- What to produce
What you return must match the entries exactly, except that the pictures are gone.

- Task input
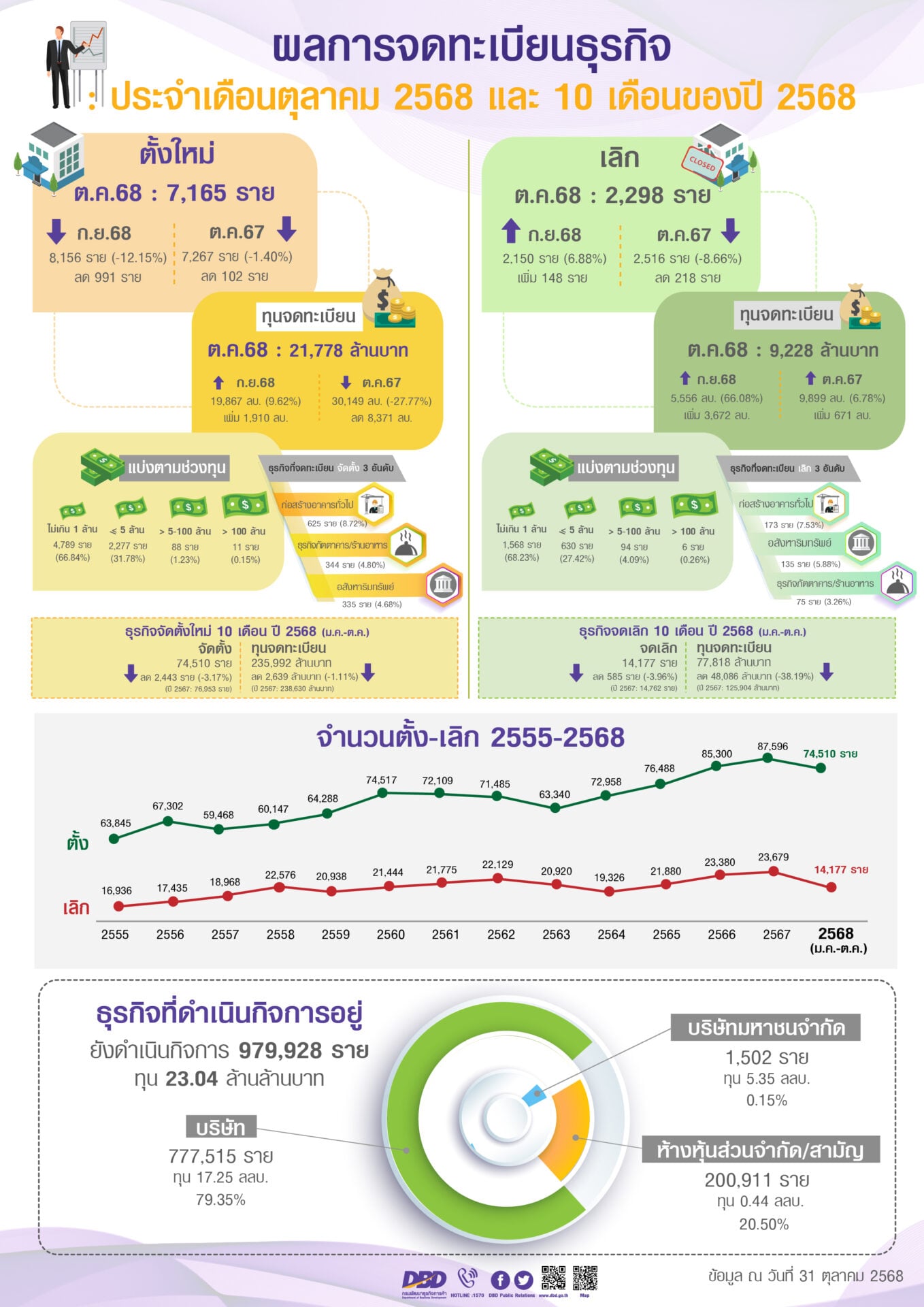กรมพัฒนาธุรกิจการค้า เผยเดือนตุลาคม 2568 มีธุรกิจจัดตั้งใหม่ 7,165 ราย ทุนจดทะเบียนรวม 21,778 ล้านบาท แม้ทุนจดทะเบียนจะลดลงจากปีก่อน แต่ทุนเพิ่มขึ้นเมื่อเทียบกับเดือน ก.ย. 68 ขณะที่ 10 เดือนปี 2568 มีธุรกิจจัดตั้งใหม่รวม 74,510 ราย ทุนจดทะเบียนรวม 2.35 แสนล้านบาท ส่วนการลงทุนของต่างชาติ 10 เดือนปี 68 ยังขยายตัวต่อเนื่อง มีจำนวน 869 ราย เงินลงทุนรวม 276,736 ล้านบาท เพิ่มขึ้นทั้งจำนวนราย 11% และมูลค่าการลงทุน 72% เมื่อเทียบกับช่วงเวลาเดียวกันของปี 2567 โดยญี่ปุ่น สหรัฐอเมริกา และสิงคโปร์ ยังคงติดอันดับ 3 ประเทศที่เข้ามาลงทุนในประเทศไทยอย่างต่อเนื่อง
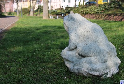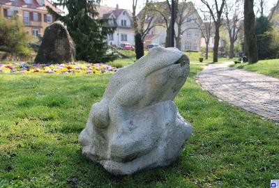 Die Krötenfigur, die früher den Krötenbrunnen am Schlossareal zierte, hat nun eine neue Heimat gefunden. Seit Anfang April begrüßt sie die Besucher im Froschgraben. Die Figur besteht aus Gussbeton und war früher zugleich auch Wasser-Speier.
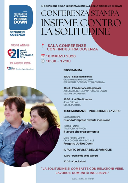 In occasione della Giornata mondiale della sindrome di Down, l’Associazione Italiana Persone Down – Sezione di Cosenza promuove la conferenza stampa “Insieme contro la solitudine”, che si terrà martedì 18 marzo 2026, dalle ore 10:30 alle ore 12:30, presso la sala conferenze di Confindustria Cosenza
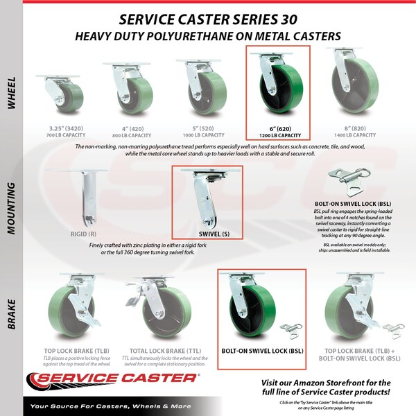 Listing is for a set of four (4) Service Caster Series #30 swivel casters with 6" diameter by 2" wide green polyurethane on cast iron wheels with bolt on swivel locks capable of supporting a total weight of 4,600 lbs. (1,200 lbs. per caster). When searching for a reliable and durable solution for medium and heavy duty projects, consider Service Caster’s Series 30 top plate polyurethane casters. The Service Caster Series #30 is ideal for material handling, carts, equipment, and shop projects. The non-marking, non-marring polyurethane tread performs especially well on hard surfaces such as concrete, tile, and wood, while the metal core wheel stands up to heavier loads with a stable and secure roll. Finely crafted with double ball bearing heat treated raceways, these versatile casters are ideal for a wide range of applications, such as dollies, platform trucks, warehouse carts and freight terminals. Or ensure a smooth and secure ride for food service carts, hotel housekeeping carts, and industrial and commercial equipment. Even drywall carts, welding carts, and wall panel carts will be ready to roll on the Series 30, keeping you moving forward. Service Caster is unsurpassed in quality, reliability, and excellent customer service. Count on us to move you forward.
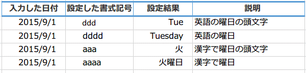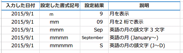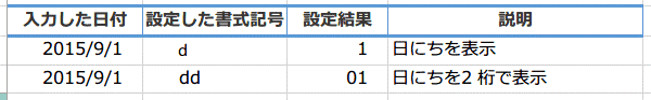 日付の表示形式に使う書式記号
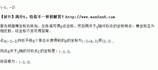在平面直角坐标系中,将点A(﹣5,﹣3)向右平移8个单位长度得到点B,则点B关于y轴的对称点C的坐标是_____.
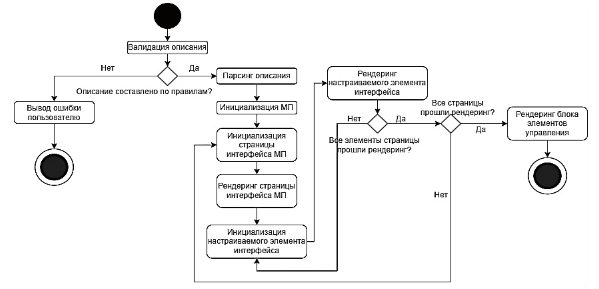 Разработка адаптируемого интерфейса включает: обработку файла описания интерфейса МП; рендеринг (визуализацию) блока представления интерфейса МП.
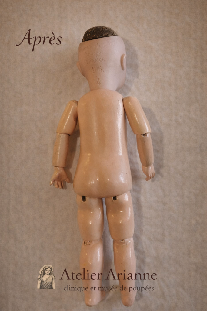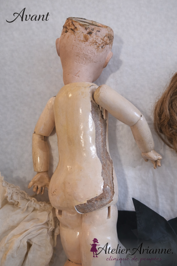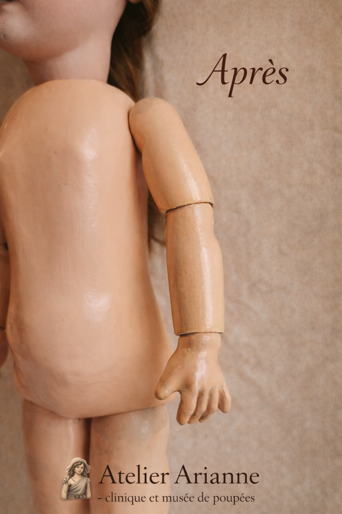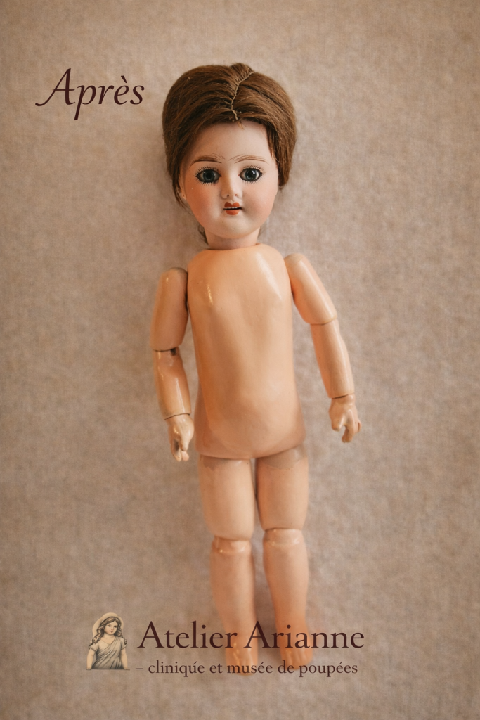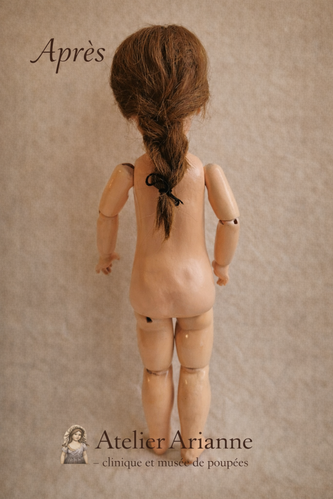 Par ailleurs, l’Atelier Arianne informe Monsieur Pierre et Madame Yvette que la restauration d’une autre poupée qu’ils nous ont confiée a désormais commencé. Elle fera l’objet de la même attention, du même soin et du même niveau d’exigence.

- Expected answer
กรมพัฒนาธุรกิจการค้า เผยเดือนตุลาคม 2568 มีธุรกิจจัดตั้งใหม่ 7,165 ราย ทุนจดทะเบียนรวม 21,778 ล้านบาท แม้ทุนจดทะเบียนจะลดลงจากปีก่อน แต่ทุนเพิ่มขึ้นเมื่อเทียบกับเดือน ก.ย. 68 ขณะที่ 10 เดือนปี 2568 มีธุรกิจจัดตั้งใหม่รวม 74,510 ราย ทุนจดทะเบียนรวม 2.35 แสนล้านบาท ส่วนการลงทุนของต่างชาติ 10 เดือนปี 68 ยังขยายตัวต่อเนื่อง มีจำนวน 869 ราย เงินลงทุนรวม 276,736 ล้านบาท เพิ่มขึ้นทั้งจำนวนราย 11% และมูลค่าการลงทุน 72% เมื่อเทียบกับช่วงเวลาเดียวกันของปี 2567 โดยญี่ปุ่น สหรัฐอเมริกา และสิงคโปร์ ยังคงติดอันดับ 3 ประเทศที่เข้ามาลงทุนในประเทศไทยอย่างต่อเนื่อง
 Die Krötenfigur, die früher den Krötenbrunnen am Schlossareal zierte, hat nun eine neue Heimat gefunden. Seit Anfang April begrüßt sie die Besucher im Froschgraben. Die Figur besteht aus Gussbeton und war früher zugleich auch Wasser-Speier.
 In occasione della Giornata mondiale della sindrome di Down, l’Associazione Italiana Persone Down – Sezione di Cosenza promuove la conferenza stampa “Insieme contro la solitudine”, che si terrà martedì 18 marzo 2026, dalle ore 10:30 alle ore 12:30, presso la sala conferenze di Confindustria Cosenza
 Listing is for a set of four (4) Service Caster Series #30 swivel casters with 6" diameter by 2" wide green polyurethane on cast iron wheels with bolt on swivel locks capable of supporting a total weight of 4,600 lbs. (1,200 lbs. per caster). When searching for a reliable and durable solution for medium and heavy duty projects, consider Service Caster’s Series 30 top plate polyurethane casters. The Service Caster Series #30 is ideal for material handling, carts, equipment, and shop projects. The non-marking, non-marring polyurethane tread performs especially well on hard surfaces such as concrete, tile, and wood, while the metal core wheel stands up to heavier loads with a stable and secure roll. Finely crafted with double ball bearing heat treated raceways, these versatile casters are ideal for a wide range of applications, such as dollies, platform trucks, warehouse carts and freight terminals. Or ensure a smooth and secure ride for food service carts, hotel housekeeping carts, and industrial and commercial equipment. Even drywall carts, welding carts, and wall panel carts will be ready to roll on the Series 30, keeping you moving forward. Service Caster is unsurpassed in quality, reliability, and excellent customer service. Count on us to move you forward.
 日付の表示形式に使う書式記号
在平面直角坐标系中,将点A(﹣5,﹣3)向右平移8个单位长度得到点B,则点B关于y轴的对称点C的坐标是_____.
 Разработка адаптируемого интерфейса включает: обработку файла описания интерфейса МП; рендеринг (визуализацию) блока представления интерфейса МП.
 Par ailleurs, l’Atelier Arianne informe Monsieur Pierre et Madame Yvette que la restauration d’une autre poupée qu’ils nous ont confiée a désormais commencé. Elle fera l’objet de la même attention, du même soin et du même niveau d’exigence.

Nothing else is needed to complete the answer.